From: ahk@chinet.com   
      
   Louis Epstein wrote:   
   >Adam H. Kerman wrote:   
   >>Aje RavenStar wrote:   
      
   >>>>. . .   
      
   >>>Some may remember back in 2022 when Gilbert Gottfried's death was   
   >>>announced. I immediately hopped on Wikipedia to his listing to check   
   >>>and managed to get a screen cap there of the report of his death, citing   
   >>>a particular perverse cause of death (which I still strongly expect he   
   >>>arranged to happen at least five minutes before the press release of the   
   >>>news), just minutes before that particular claim was removed. (Which I   
   >>>posted on the AO facebook page) So there are times (or at least once)   
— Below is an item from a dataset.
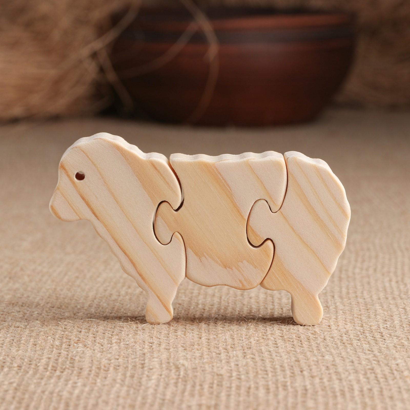 Заготовка для творчества мини пазл "Овечка", дерево, 6х9,5 см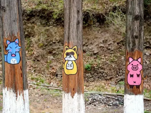 憨态可掬的熊猫、活灵活现的小羊……近日,在玉皇庙镇大树坝村最美乡村路一段,近百幅以卡通动物为主题的创意树绘成为村民、游客驻足打卡的靓丽风景。仔细观察会发现,这些图案在描绘时不仅没有破坏树木的生长形态,

   >>>when Wikipedia was first with the valid news.   
      
   >>You saw the death announcement, then put it in Wikipedia. Unless a   
   >>family member updates the Wikipedia page directly, Wikipedia can never   
   >>be first.   
      
   >If a family member DOES update a page,   
   >the officious Wikipedes will revert the announcement   
   >and wait until someone who heard it from someone else   
   >he believes posts it instead.   
      
   >This goes for a family member announcing a death   
   >OR correcting a false report of a death...if it   
   >wasn't invented somewhere else by someone without   
   >direct connection they don't want to hear it.   
      
   If Wikipedia is edited in that outrageous manner, that true information   
   from a first-hand source is rejected, that's in support of my position.   
      
   --- SoupGate-Win32 v1.05   
    * Origin: you cannot sedate... all the things you hate (1:229/2)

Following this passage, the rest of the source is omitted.